◆ **Records shown**:
◇ ◇ ◇ ◇ ◇ ◇ ◇
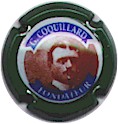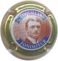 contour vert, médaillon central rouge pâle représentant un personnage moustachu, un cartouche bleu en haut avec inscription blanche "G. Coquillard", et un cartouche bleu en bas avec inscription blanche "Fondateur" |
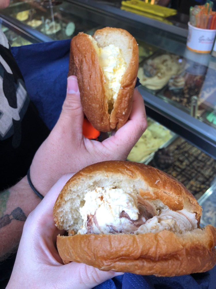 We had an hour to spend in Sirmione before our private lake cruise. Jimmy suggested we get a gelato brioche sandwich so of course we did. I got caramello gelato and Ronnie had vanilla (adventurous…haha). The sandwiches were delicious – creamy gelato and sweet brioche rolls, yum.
◇ ◇ ◇ ◇ ◇ ◇ ◇
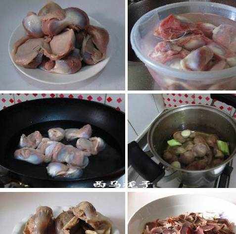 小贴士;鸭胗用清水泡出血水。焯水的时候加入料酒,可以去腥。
◇ ◇ ◇ ◇ ◇ ◇ ◇
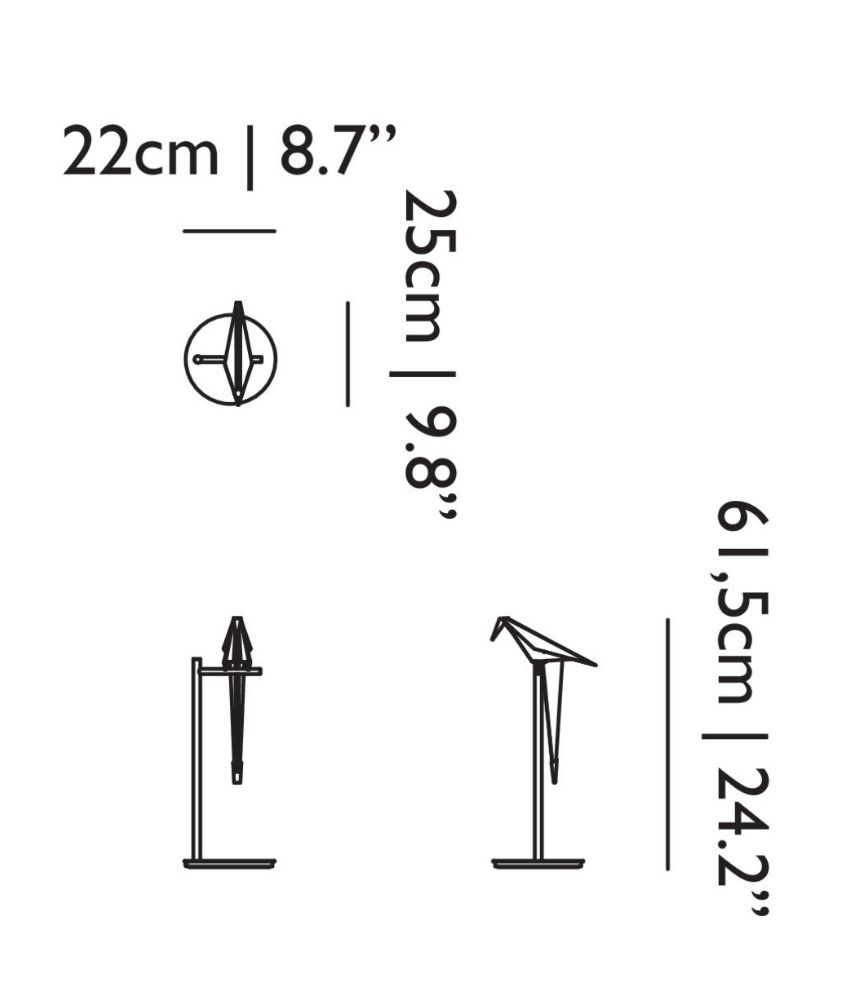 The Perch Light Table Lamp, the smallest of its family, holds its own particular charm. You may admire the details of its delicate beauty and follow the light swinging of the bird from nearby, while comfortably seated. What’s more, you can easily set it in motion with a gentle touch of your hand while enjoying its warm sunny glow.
◇ ◇ ◇ ◇ ◇ ◇ ◇
◆ **Directions for this task**:
Copy exactly the lines of the entries above from the one containing "contour vert, médaillon" through the one containing "We had an hour". Both end lines count; pictures do not.

◆ **Reply to the exercise**:
 contour vert, médaillon central rouge pâle représentant un personnage moustachu, un cartouche bleu en haut avec inscription blanche "G. Coquillard", et un cartouche bleu en bas avec inscription blanche "Fondateur" |
 We had an hour to spend in Sirmione before our private lake cruise. Jimmy suggested we get a gelato brioche sandwich so of course we did. I got caramello gelato and Ronnie had vanilla (adventurous…haha). The sandwiches were delicious – creamy gelato and sweet brioche rolls, yum.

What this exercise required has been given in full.